Doddy - u around chick? If u are ...   are u all on track at the mo for the wedding? Think I need some details! Love a wedding!! xxx

Emerald - have u got Internet yet in the sticks? Defo think u might just have to move... Nearer us of course!  

Zoe - where are u?  

Ale - sounds like this cycle is putting u to the test - I am   it's all worth it in the end though Hun! Xx


Right I know I have missed loads... But my mind is frazzled! Sorry  

Lots of love to everyone else! Big hugs!!


----------



## lollipops

Dial - How Are You    beautiful profile pic by the way! And yay to algarve holiday, we just need to pick a villa to rent and be done with it but we keep going round in circles about areas, price,location!? Arghhh, package holidays are Soooooooooooo much easier! X


----------



## dialadink

Lolli - I'm ok thanks Hun. Back to some sort of reality with work  
Hard to choose a holiday when it needs to meet all ur requirements, budget, dates etc... I'm sure it used to be easier, Now u have to jump through hoops just to see whats available!!  
Anyway, it will be lovely to just get away and the three of u to enjoy the sun on ya skin! 
Will ur brother have Alfie? 
Is it just gonna be the three of u? xxx


----------



## Faithope

Hey beautiful ladies 

*Dial* You look stunning  Thanks for asking about me  well sit down for this comment but I LOVE WORKING WITH MY 1:1 FINALLY  It's only taken 1 year and 6 months but he has turned a corner and there seems to be trust, emotional stability and caring between us and that is amazing! He holds my hand, he goes shy, he listens to me, even a look I give he can interpret what I am asking of him. He no longer throws things, I haven't had to restrain for over 6 months and when he does find things difficult-he will ask me to help, YAY!! Sorry that was a long 'me' reply  How are you doing? Any holiday plans for this year?
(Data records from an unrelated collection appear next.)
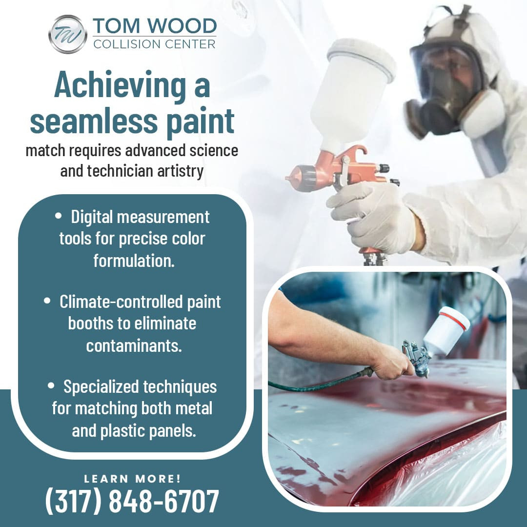 Indianapolis, IN – Tom Wood Collision Center has released an overview of its advanced paint matching procedures, highlighting how modern auto body shops deliver seamless finishes after collisions. The announcement focuses on how digital technology and technician training combine to eliminate mismatched panels and restore vehicles to their pre-accident appearance.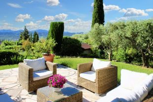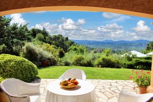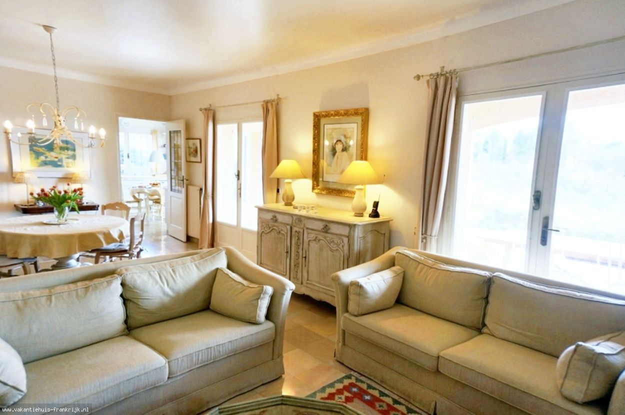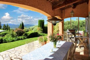 Villa L’Escalet is smaakvol ingericht en de woonkamer heeft grote openslaande deuren, die een prachtig uitzicht bieden op de vallei en het dorp Callian.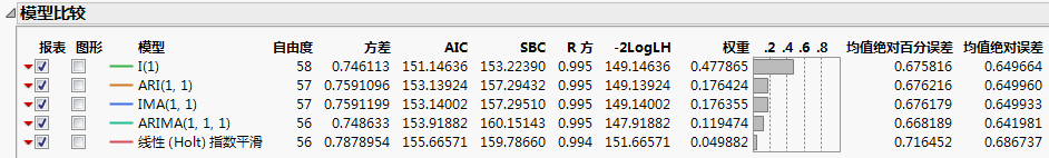根据 AIC 准则,“模型比较”表按以下方式排序:最佳拟合模型位于列表顶部。在本例中,ARIMA(0,1,0) 模型(在报表中表示为 I(1))拟合原始时间序列的效果最好。还应注意,尽管 I(1) 模型是“最佳的”,所有模型的拟合统计量值都非常相近。它们都可以被视为合适的模型。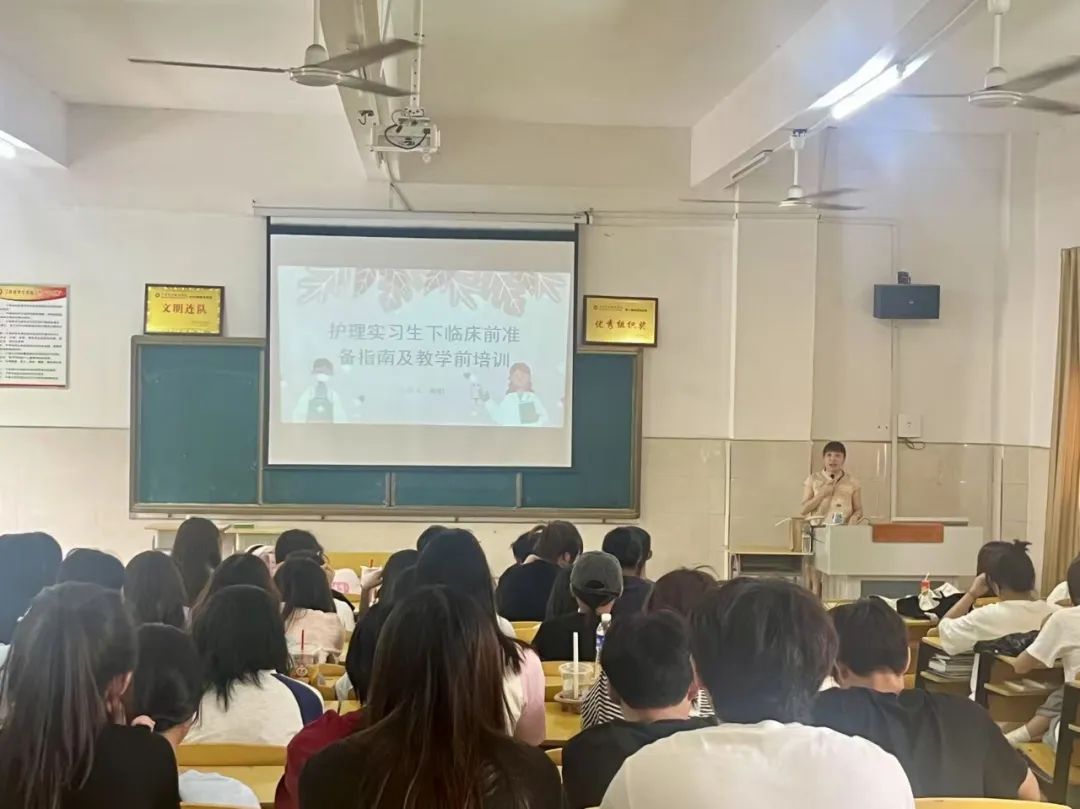 为帮助护理学生提前了解护理临床工作,6月18日下午,我院在教学楼6教101教室举办“护理实习生下临床前准备指南及教学前培训”专题讲座,由丰城市中医院护理部主任、梅娟主讲,2024级高职护理学生听讲。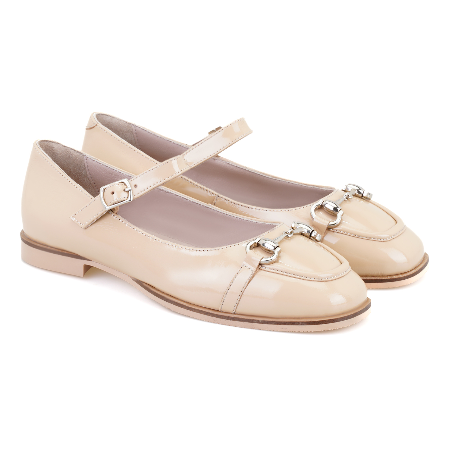 Kadın Bej Zincir Detaylı Mary Jane Rugan Deri Babet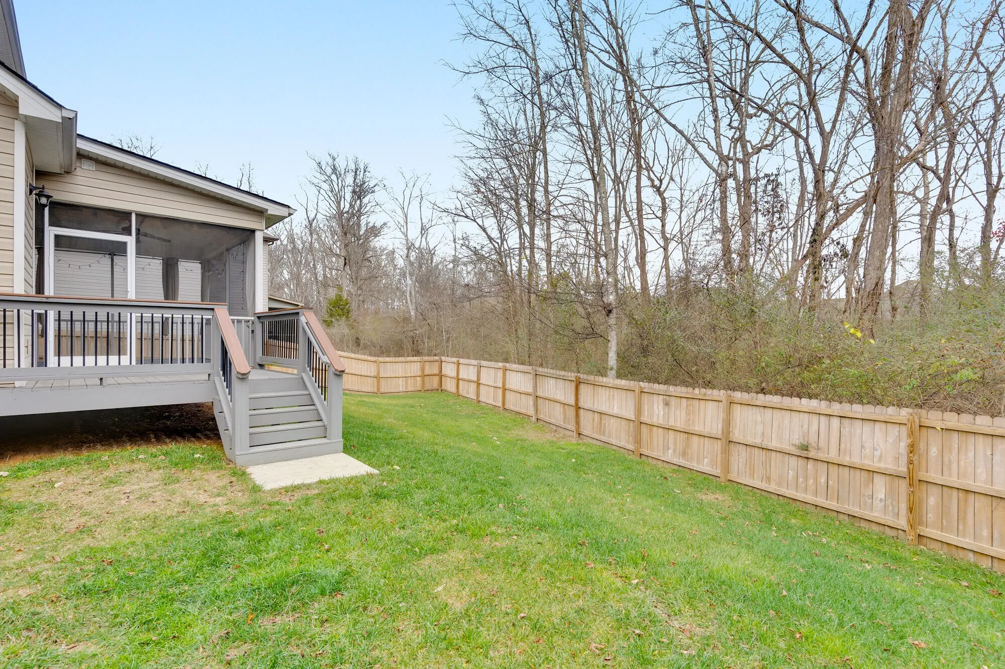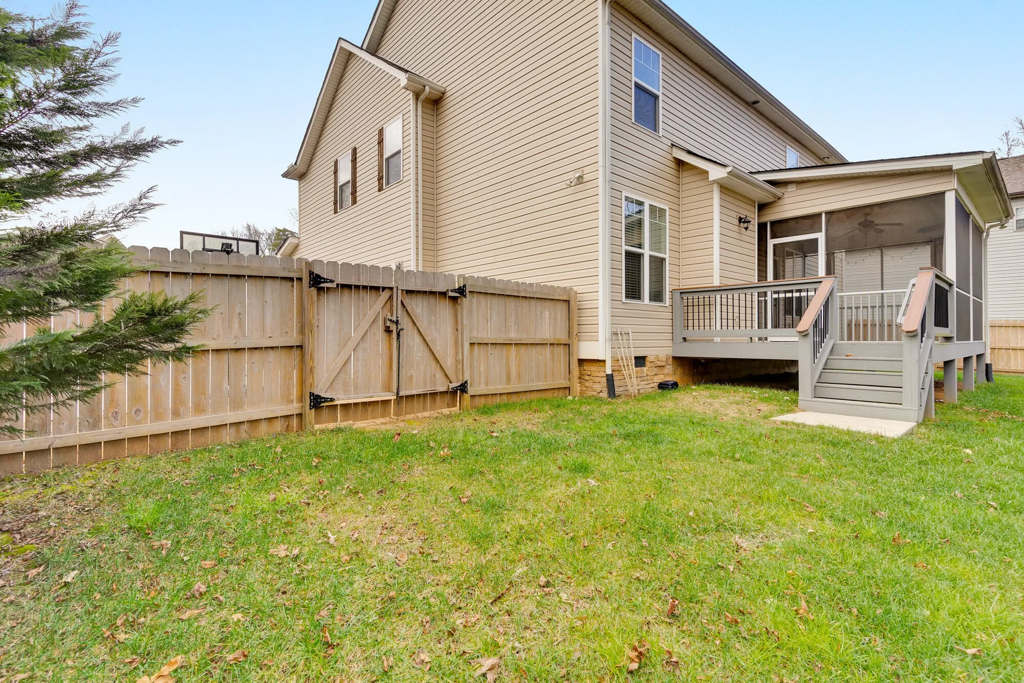 The large dining room provides ample space for hosting gatherings, while the kitchen flows seamlessly into the main living areas and out to the screened-in back porch, ideal for enjoying the outdoors year round. Step outside to a fully fenced backyard, offering both privacy and room to relax or play.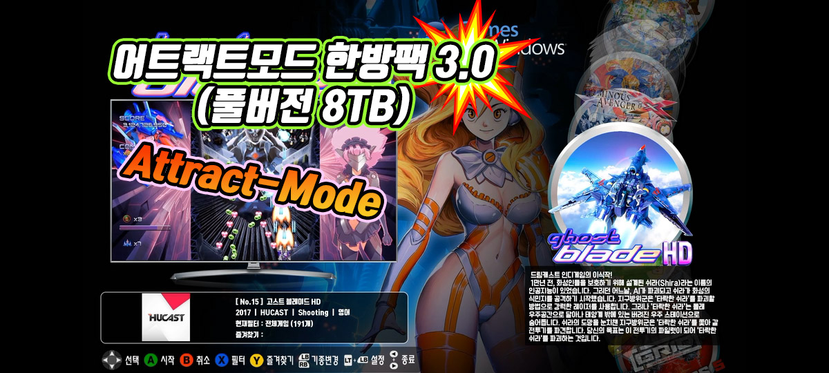 어트랙트모드 한방팩을 오랜만에 버전업을 해보았습니다. 그동안 라즈베리파이4 가지고 노느라 어트랙에는 시간투자를 못했었습니다. 생각했던 것들을 몇가지 적용해 보았습니다. 결과적으로 개인적인 만족도는 좋습니다.
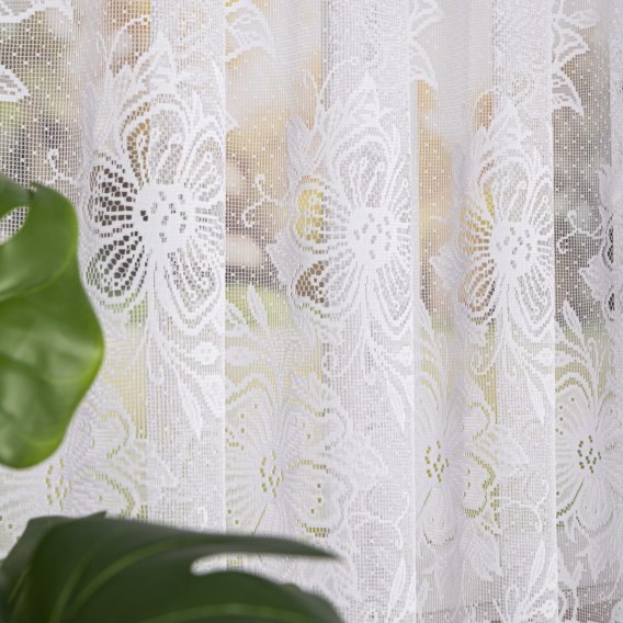 Firanka została wykonana z wysokiej jakości 100% poliestru, co zapewnia trwałość, odporność na zagniecenia oraz łatwość w pielęgnacji. Materiał nie wymaga prasowania i długo zachowuje estetyczny wygląd. Firanka 004713 łączy elegancję z funkcjonalnością.

*Angel* Enjoy your acu later-how long have you been doing it for? I know you talk about it, just wandered when you started?

*Lollipops* I'm sure you didn't look like a plonker and well done you for even trying something new! I always start a new year with the intention of starting something and never do it 'just in case' 

*KT* Where does the time go, looking at your sig, then at your ticker, baby birthdays are already coming  it seems like only yesterday we were waiting for a birth announcement! Yes that was about  I love that doctor-he says it how it is!

*doddy*  

Big hello to *Ale, Hennups, Henrch, Mrs Rock, and anyone I have missed* 

AFM Still awaiting Ovulation  hopefully by wednesday at the latest or we are looking at new dates (ie EC over Easter and I can't be doing that...)

xxxxx


----------



## henrch

Dial - your wish is my command.... updated avatar she was 5 weeks old when this photo was taken....

As for Guys, here is my view... Jen and Mrs Rock have used them too so may disagree...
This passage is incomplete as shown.